The combination of weak demand growth and rising output among OPEC+ and non-OPEC producers is fueling renewed pessimism in the energy markets.
At 07:40 AM WAT, Brent crude futures dropped 9 cents, or 0.14%, to $62.30 a barrel, while U.S. West Texas Intermediate (WTI) edged lower by 3 cents, or 0.05%, to $58.67 a barrel.
Both benchmarks had already fallen to five-month lows in the previous trading session, reflecting growing anxiety about oversupply and slowing global demand.
The IEA said on Tuesday that the global oil market could face a surplus of up to four million barrels per day in 2026, exceeding earlier forecasts.
The agency attributed this to an expected increase in production from OPEC+ members and rival producers, coupled with sluggish consumption growth, signaling the potential for prolonged downward pressure on crude prices.
This updated outlook follows months of mixed signals from major oil producers attempting to balance market share with revenue needs.
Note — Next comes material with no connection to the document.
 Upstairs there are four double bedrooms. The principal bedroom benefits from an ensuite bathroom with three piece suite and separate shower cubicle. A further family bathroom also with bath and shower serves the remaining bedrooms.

A growing glut could weigh heavily on oil-dependent economies, especially those reliant on high prices to sustain fiscal spending.
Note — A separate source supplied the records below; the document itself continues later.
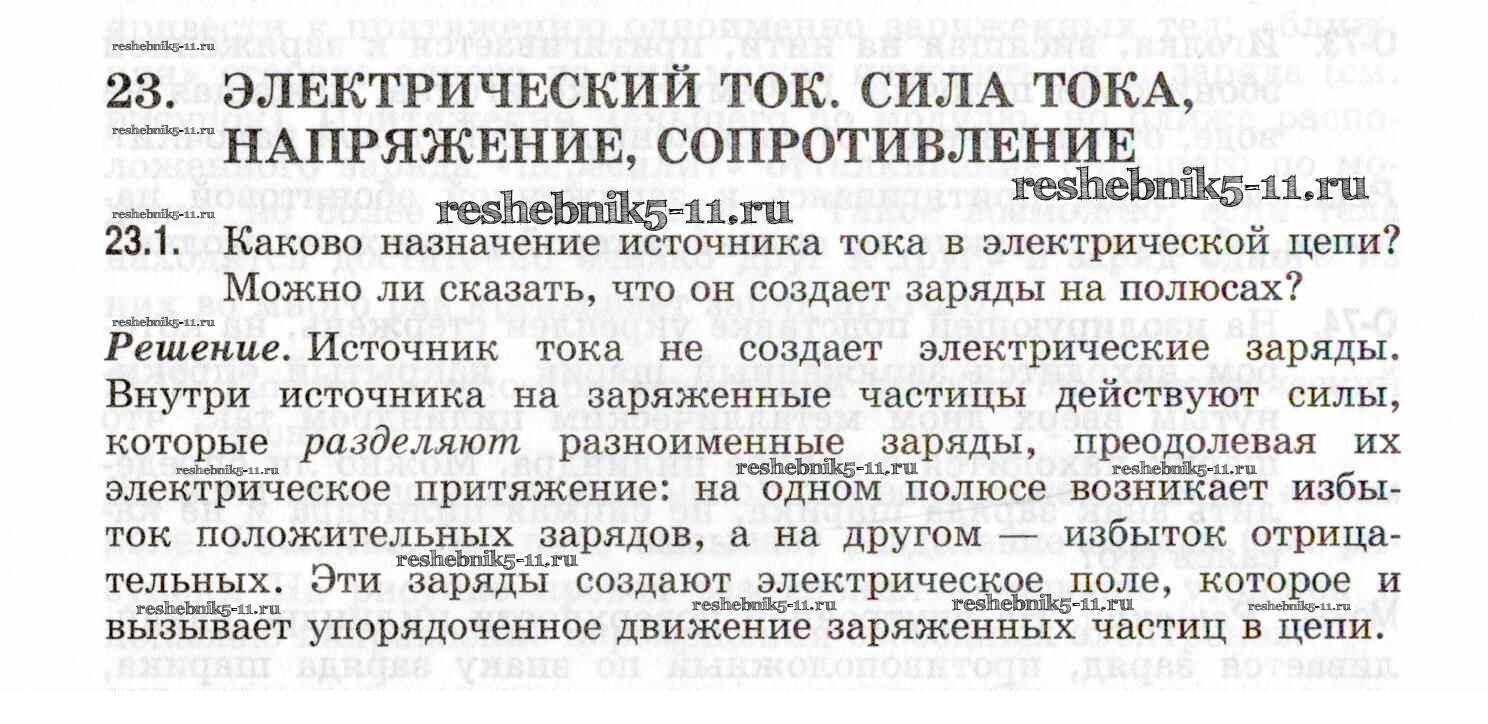 Готовая домашняя работа с ответами по Физике за 7, 8, 9 класс Генденштейн, Кирик, Гельфгат Задачник Илекса 2020 - 23. Электрический ток. Сила тока, напряжение, сопротивление 23.1
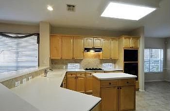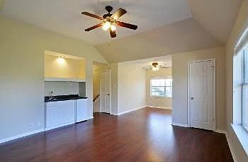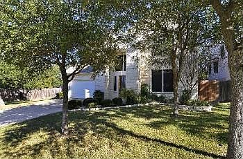 This house sits above street level without a steep entry or stairs. It faces the west with incredible sunset views. You have a view of Lake Travis from the upstairs (and if you are tall from the edge of the entry :) It is white natural stone, and backs up to a greenbelt in addition to a permanent utility easement on the left that provides a comfortable privacy buffer between the other homes. The bedrooms are upstairs, each with ceiling fans along with the game room/media room with a commercial grade Brazilian Cherry Hardwood laminate floor. A billiard ceiling and built in wet bar with fridge rounds out the room nicely.
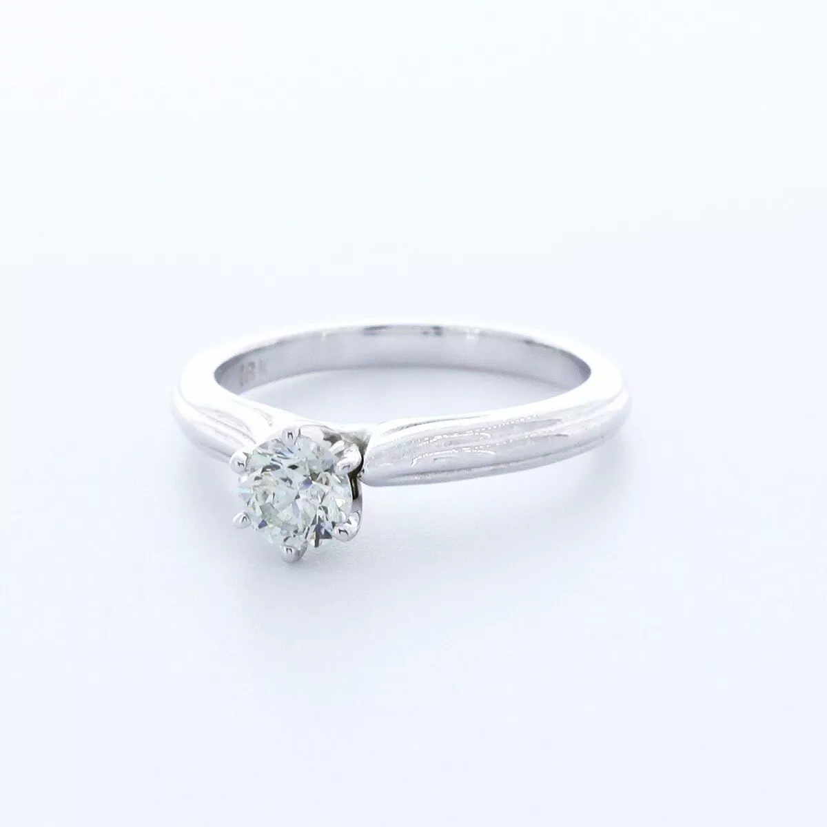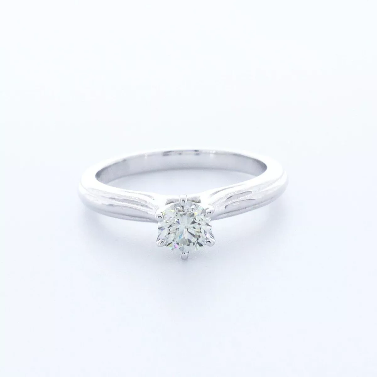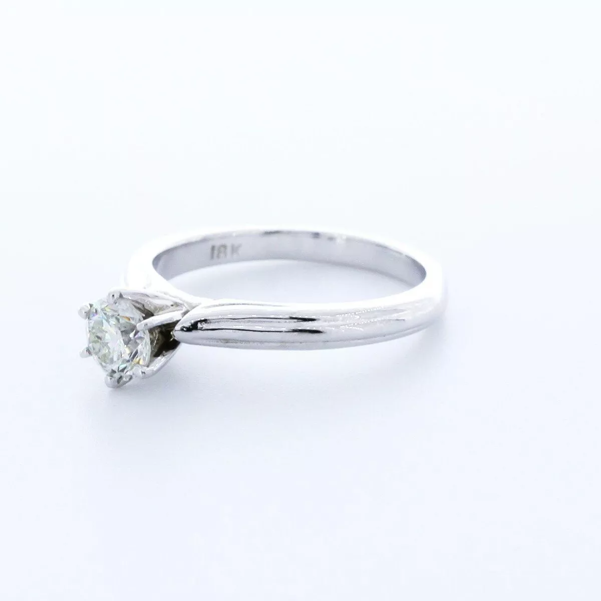 Solid 18K White Gold Solitaire Engagement Ring Classic AGI Cert 0.74 CT Round Lab-Grown Diamond D VS1
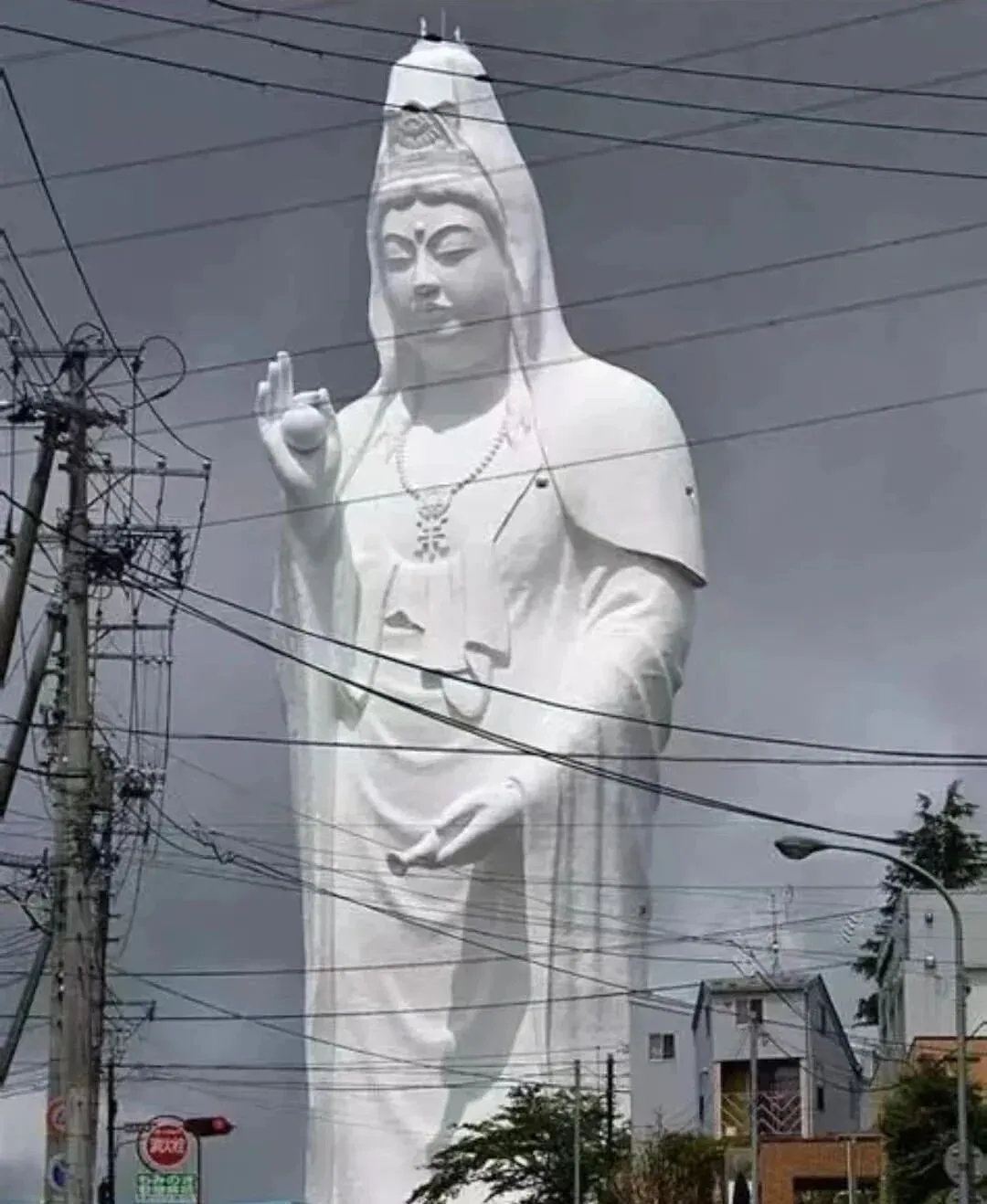 这个通体雪白的身影是大佛像,高到把电线剪成一缕一缕的前景,指尖捏着一颗圆珠,肩披长衣,眉目沉静,云来了靠在她的肩,风过了从她的袖里绕出去,城市里车来车往,她像个守夜人站在那儿,给人心里按下一颗定心丸。

Investor sentiment was further dampened by escalating U.S.-China trade tensions, which threaten to curb industrial activity and energy demand.
Both countries recently imposed additional port fees on ships carrying cargo between them, increasing transportation costs and disrupting freight flows.
The standoff deepened last week after China expanded rare earth export controls, prompting U.S. President Donald Trump to threaten 100% tariffs on Chinese goods and new restrictions on software exports starting November 1.
These developments have raised concerns that global trade and manufacturing activity could contract, dragging oil demand down with it.
Traders are now watching U.S. inventory data for clues about short-term demand trends. A preliminary Reuters poll of six analysts forecasts a 200,000-barrel rise in U.S. crude inventories for the week ending October 10, while gasoline and distillate stocks are expected to have declined.
The anticipated rise in crude stockpiles, combined with the IEA’s surplus warning, underscores a market caught between ample supply and uncertain demand, a dynamic that could keep prices under pressure in the coming weeks.